Fall is here in Montana
Fall is a welcome assault on the senses. We see it, hear it and smell it. Most of us welcome it, a few shun it.
The days are shorter, though still warm with lots of sunshine; the nights cooler and longer, and sleeping is more pleasant with the windows open.
For those who hunt or wait for cooler water to fish again, this is the season. There are no others like it. From now until early December, it is a time to dial into our hunter-gatherer genetic code.
For those who garden, it’s the season to stock the larder, put up beans, can tomatoes, pickle cucumbers, bake then freeze zucchini bread. But in Montana, hunting and fall are synonymous.
Already there are stories in town of bull elk taken by archers, or retrievers bouncing through a coulee to bring back a pair of downed Hungarian partridge. Soon antelope season will be upon us, followed all too quickly by the deer and elk general rifle season.
Hunter-gatherer or not, right now, today, if it’s sunny, go outside and marvel at the striking blue of our big sky.
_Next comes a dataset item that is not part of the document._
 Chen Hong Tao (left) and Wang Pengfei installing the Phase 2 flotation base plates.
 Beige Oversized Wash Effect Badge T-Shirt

Take in the warmth of the sun. Then store that knowledge for a January night.
Try to find a patch of yellow cottonwood leaves still on the tree, now in the minority soon to be part of a broader autumn palette. For anglers, catching a brook trout in fall spawning colors rivals a visit to any art museum.
Autumn, officially crashing the calendar Sept. 22, has sounds and smells as well as sights.
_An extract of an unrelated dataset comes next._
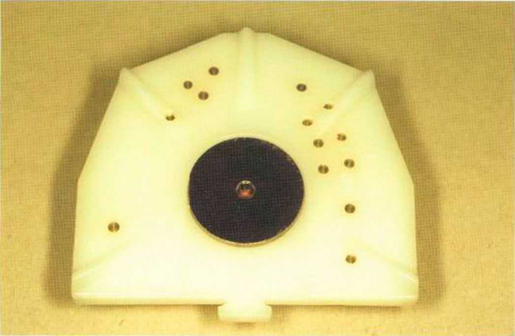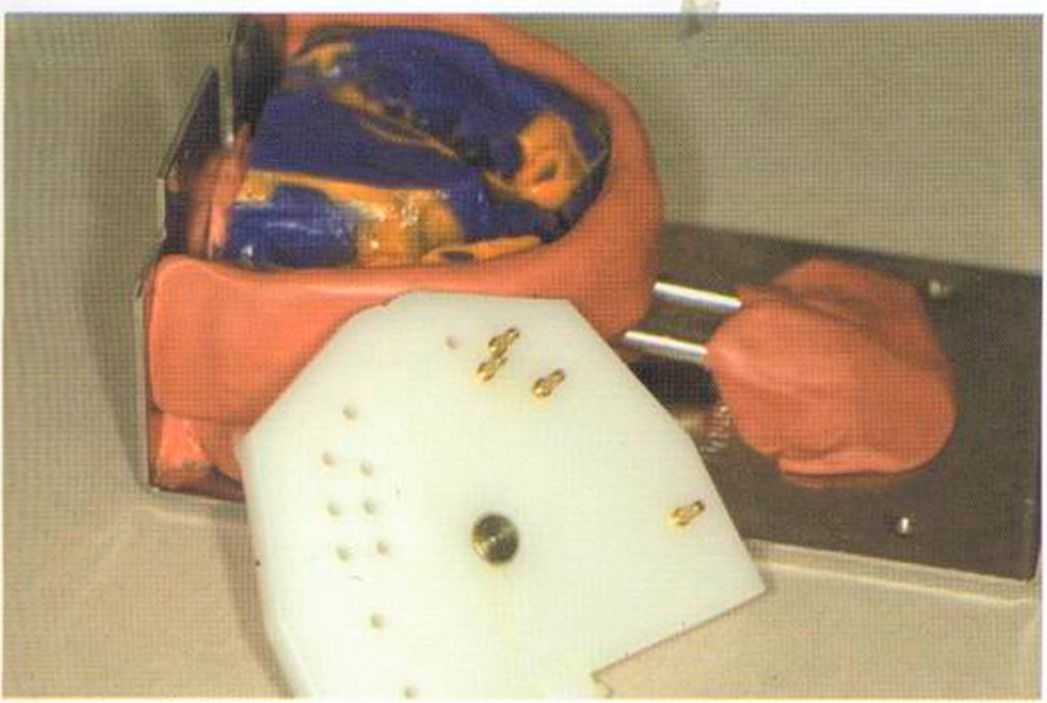 На обратной стороне платы видны просверленные отверстия. Перед тем, как установить платы в артикулятор, эти места необходимо заизолировать силиконовой массой, так как потом между цокольным гипсом и платой может возникнуть зазор. Это особенно важно для дальнейшей точной установки штампиков. Часто случается, что маленькие крошки гипса попадают в этот промежуток, что приводит к возникновению неточностей. Более того, это сильно нервирует.

It’s the sound of antelope bucks galloping after each other, or some archer’s decoy, trying to run off the interloper who wants a dalliance with the buck’s harem.
It’s a bow hunter listening in the predawn gloom to a bull elk bugle and bugle to a crescendo before crashing off through the forest.
Later in the fall, it’s the martial thumping sound of a pheasant beating its wings in a desperate attempt to gain altitude and elude a predator.
Or it can be as simple as the rustling of leaves blowing across the driveway into the neighbor’s yard. That’s nice, let him worry about them. Know that feeling?
The smells of autumn can be as simple as gunpowder hanging in the air from a shotgun blast, or wood smoke curling from the chimney to a leaden sky as snowflakes dot the cabin roof. Or as complex as the odors that hit a bird dog in the nose.
Think you have a good sense of smell? Tell it to Fido. Scientists tell us dogs have about 300 million olfactory receptors in their nose, we have close to six million. And the portion of a dog’s brain that analyzes smells is proportionally 40 times bigger than ours.
Whatever your internal timepiece says, it’s time to get outside and enjoy this season before it too quickly turns to winter.
Bruce Auchly is the Montana Fish, Wildlife and Parks Region 4 information officer.